◆ **EXERCISE REQUIREMENTS**:
Every line of the material must be given again verbatim. Skip the images.

◆ **DATASET CONTENT**:
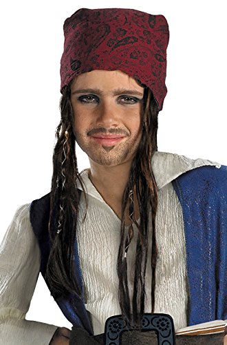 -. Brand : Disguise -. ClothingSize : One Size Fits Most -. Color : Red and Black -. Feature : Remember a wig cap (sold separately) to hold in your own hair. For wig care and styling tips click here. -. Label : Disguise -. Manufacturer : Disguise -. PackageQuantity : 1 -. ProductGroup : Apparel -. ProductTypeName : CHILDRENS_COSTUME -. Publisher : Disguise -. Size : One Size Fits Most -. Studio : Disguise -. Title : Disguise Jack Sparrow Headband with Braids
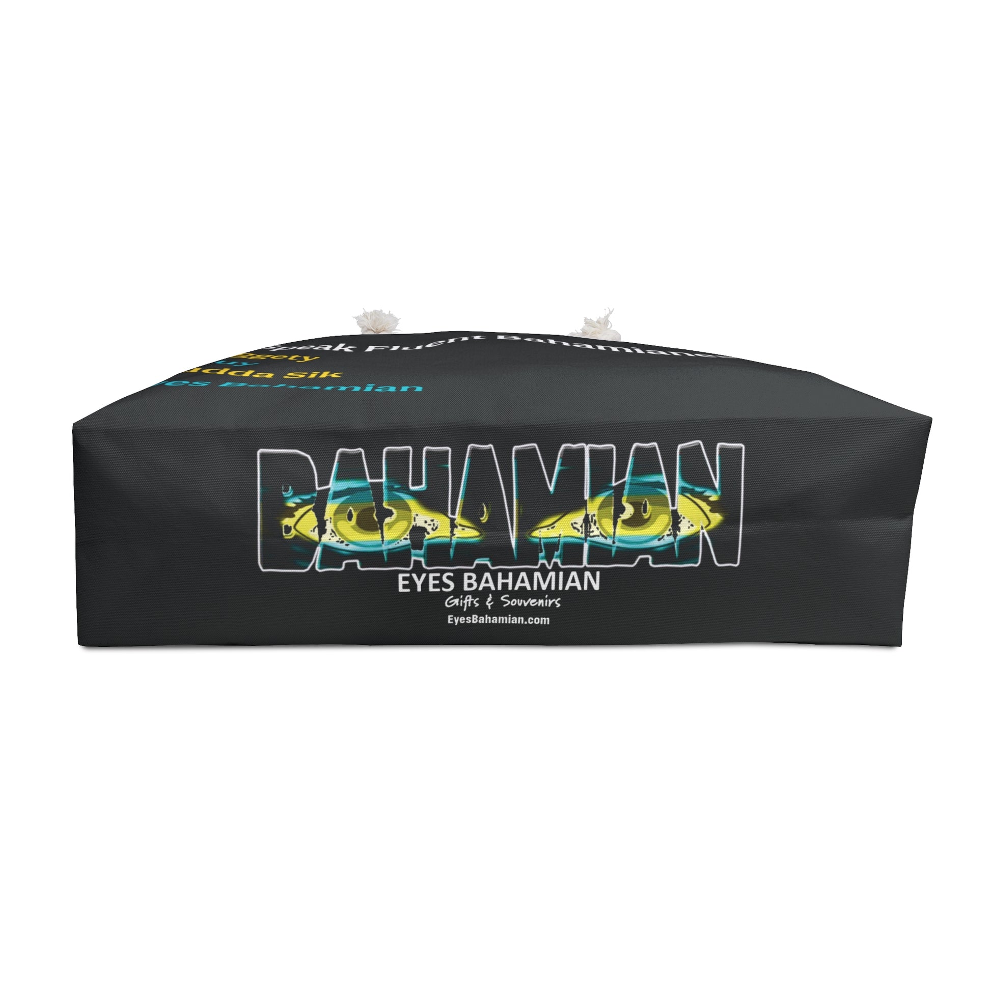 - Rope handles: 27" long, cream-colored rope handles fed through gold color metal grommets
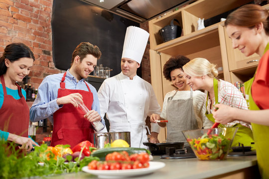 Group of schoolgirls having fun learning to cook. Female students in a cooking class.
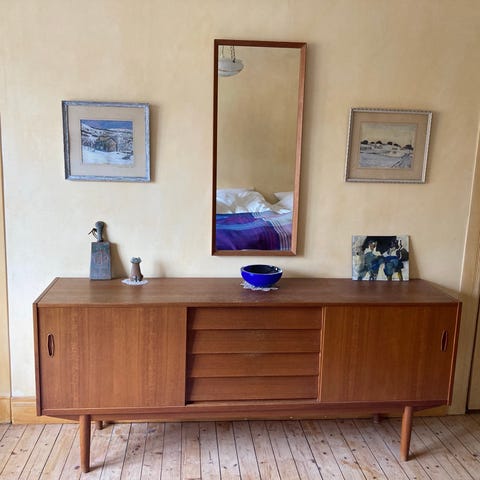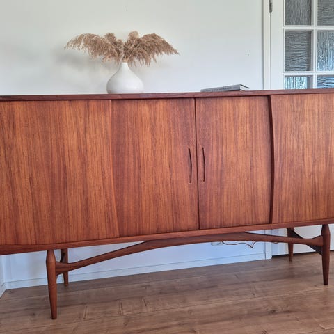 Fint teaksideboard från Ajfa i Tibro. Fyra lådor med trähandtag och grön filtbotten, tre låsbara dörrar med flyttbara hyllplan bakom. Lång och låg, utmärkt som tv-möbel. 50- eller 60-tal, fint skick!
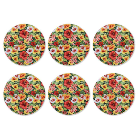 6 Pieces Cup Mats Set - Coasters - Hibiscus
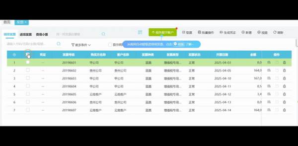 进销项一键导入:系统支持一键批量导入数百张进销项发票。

◆ **SOLUTION TO THIS EXERCISE**:
 -. Brand : Disguise -. ClothingSize : One Size Fits Most -. Color : Red and Black -. Feature : Remember a wig cap (sold separately) to hold in your own hair. For wig care and styling tips click here. -. Label : Disguise -. Manufacturer : Disguise -. PackageQuantity : 1 -. ProductGroup : Apparel -. ProductTypeName : CHILDRENS_COSTUME -. Publisher : Disguise -. Size : One Size Fits Most -. Studio : Disguise -. Title : Disguise Jack Sparrow Headband with Braids
 - Rope handles: 27" long, cream-colored rope handles fed through gold color metal grommets
 Group of schoolgirls having fun learning to cook. Female students in a cooking class.
 Fint teaksideboard från Ajfa i Tibro. Fyra lådor med trähandtag och grön filtbotten, tre låsbara dörrar med flyttbara hyllplan bakom. Lång och låg, utmärkt som tv-möbel. 50- eller 60-tal, fint skick!
 6 Pieces Cup Mats Set - Coasters - Hibiscus
 进销项一键导入:系统支持一键批量导入数百张进销项发票。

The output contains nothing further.